→ WHAT IS REQUIRED:
Lines from the one with "e-business, delivery, automation, conveyer" up to and including the one with "FOR THE GARDEN" are to be copied exactly from the records below, without their pictures.

[Records from a data source]
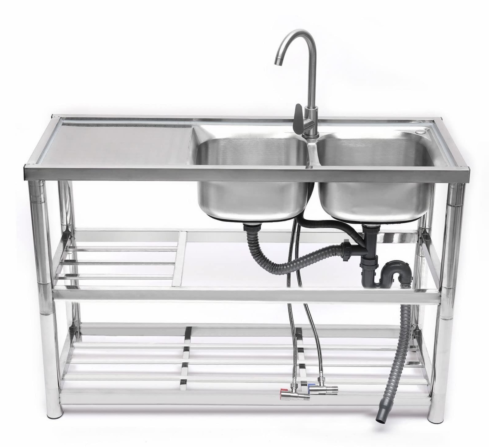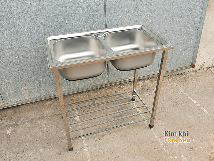 Chậu rửa bát inox đôi có chân bằng thép không gỉ bền bỉ
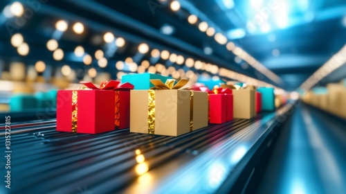 e-business, delivery, automation, conveyer belt, gift, present, package, box, cardboard, online shopping, retail, logistic, warehouse, factory, industry, technology, modern, efficient, fast, speed, transportation, distribution, process, system, production, merchandise, shipment, holiday, celebration, festive
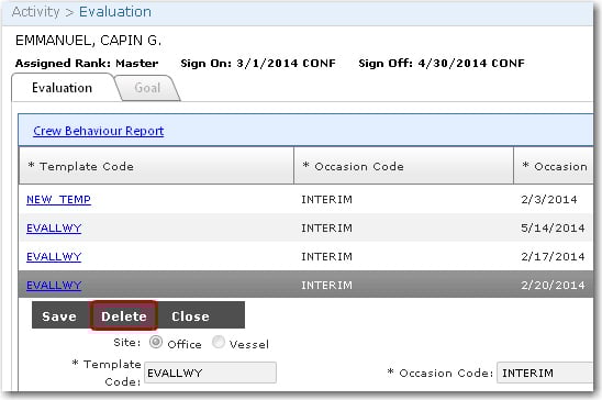 5. The selected crew member's evaluation details will then be displayed. Click Delete. Click Yes to confirm your intention to delete the selected record and it will then be removed.
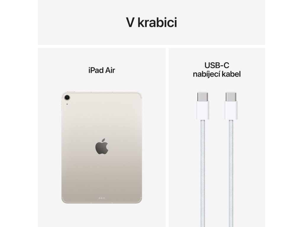 V krabici: * iPad Air * USB-C nabíjecí kabel (1m)
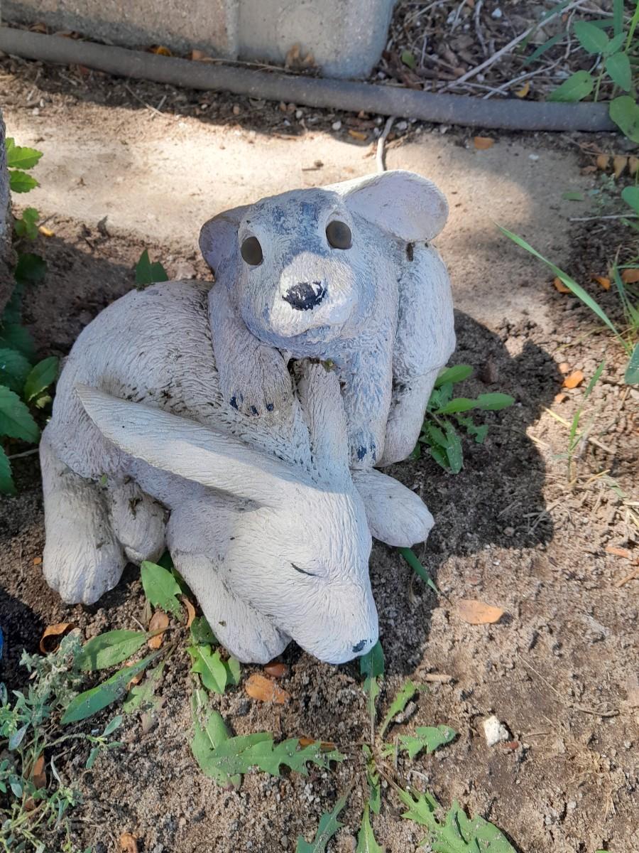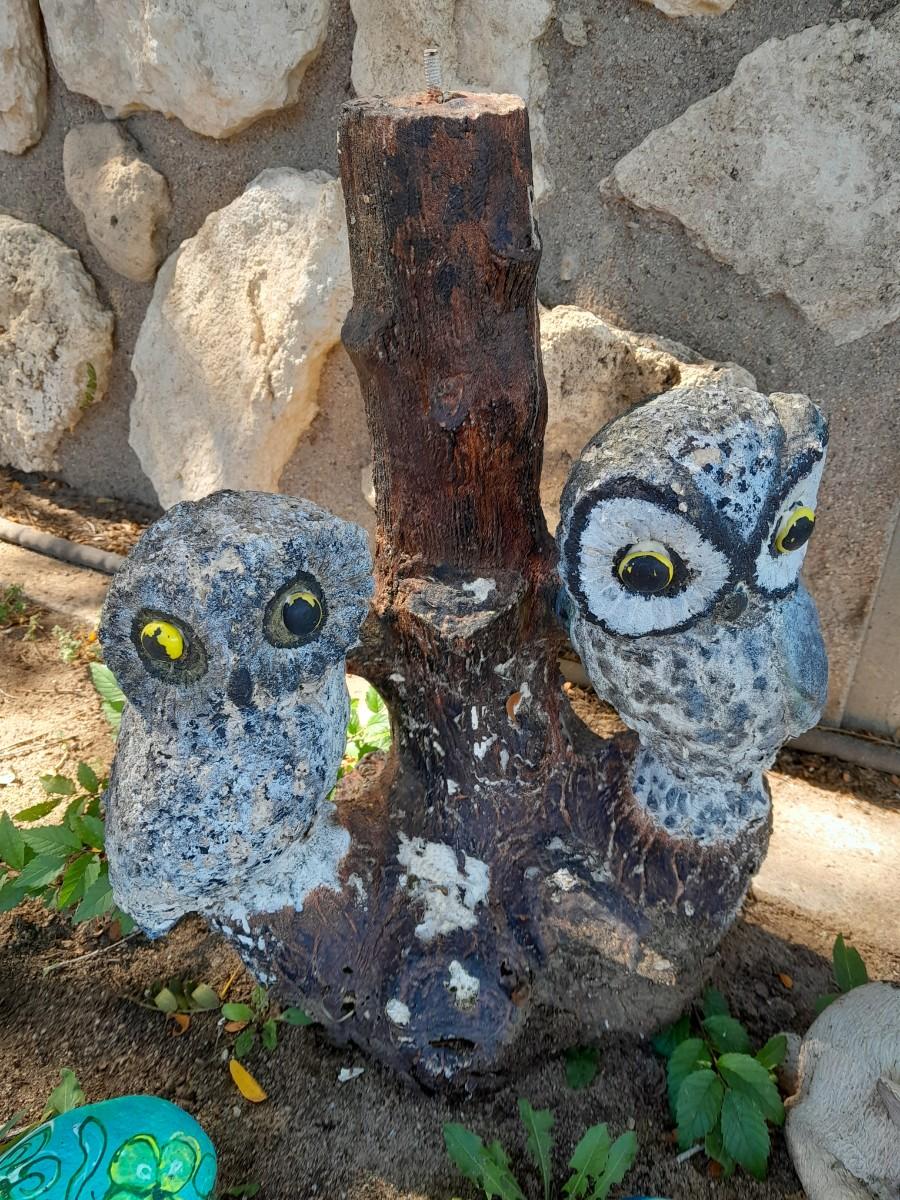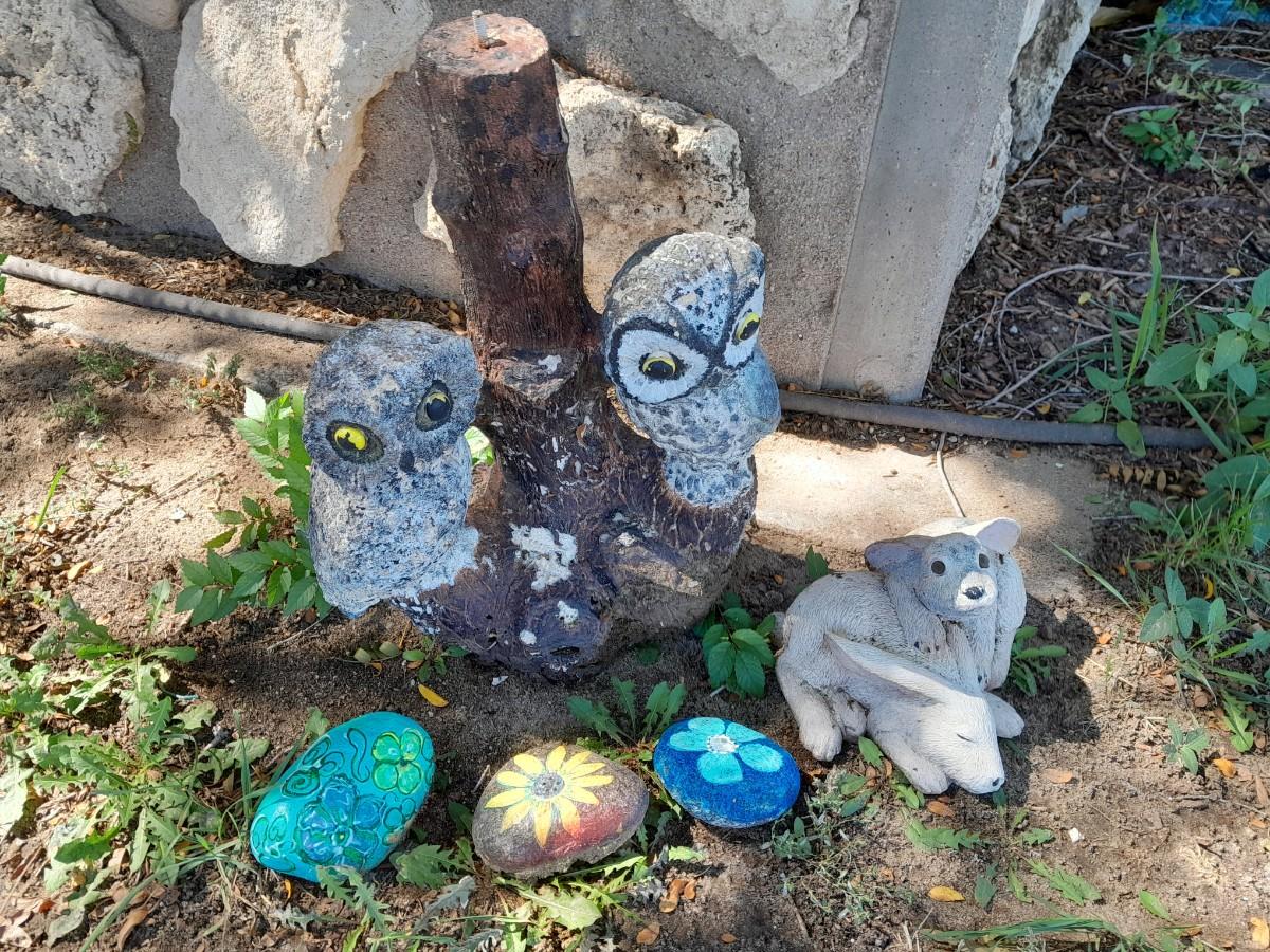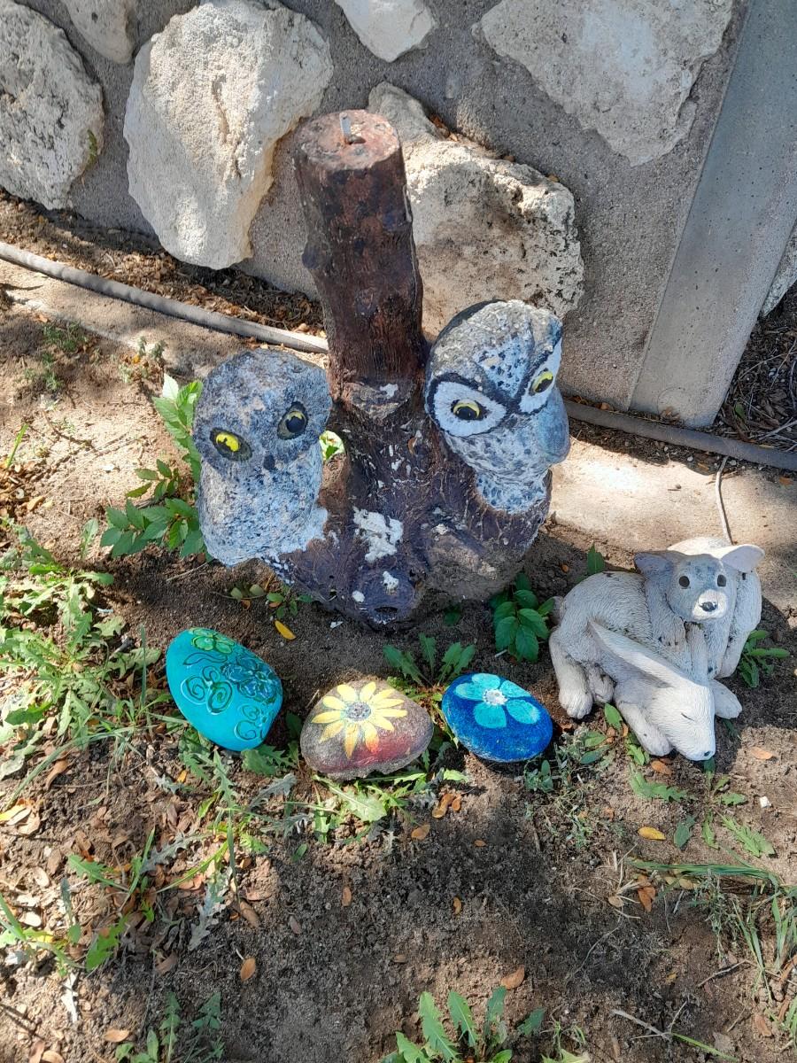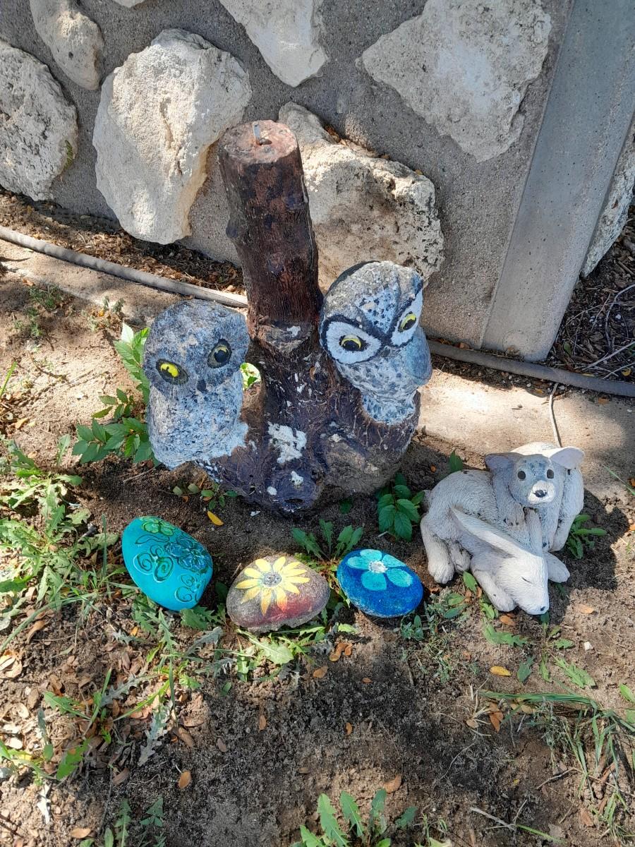 20" CEMENT OWLS, HAND PAINTED ROCKS, AND BUNNIES FOR THE GARDEN
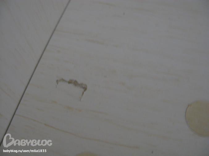 После многочисленных звонков к нам приехали представители от салона, на выломанное ДСП ссылались на инструкцию, что так и только так необходимо крепить крепежи к полке. Только ДСП повреждено, а значит не безопасно для ребенка. В салоне нас уверили, что все материалы качественные и безопасные. На многочисленные сколы сказали, что это норма. Поврежденную боковину шкафа обещали заменить, основание кровати, ссылаясь на «там все равно не видно» предложили реставрировать замазать и покрыть лаком и таким же способом убрать многочисленные сколы. Пообещали, что видимые повреждения заметны не будут. Согласились на реставрацию, поскольку нет гарантии в аккуратности замены и что наш паркет и обои не получат больше повреждений. Так же просили предоставить нам другого сборщика, поскольку данного считаем не квалифицированным. К сожалению наша просьбы не была выполнена.

→ EXERCISE RESPONSE:
 e-business, delivery, automation, conveyer belt, gift, present, package, box, cardboard, online shopping, retail, logistic, warehouse, factory, industry, technology, modern, efficient, fast, speed, transportation, distribution, process, system, production, merchandise, shipment, holiday, celebration, festive
 5. The selected crew member's evaluation details will then be displayed. Click Delete. Click Yes to confirm your intention to delete the selected record and it will then be removed.
 V krabici: * iPad Air * USB-C nabíjecí kabel (1m)
 20" CEMENT OWLS, HAND PAINTED ROCKS, AND BUNNIES FOR THE GARDEN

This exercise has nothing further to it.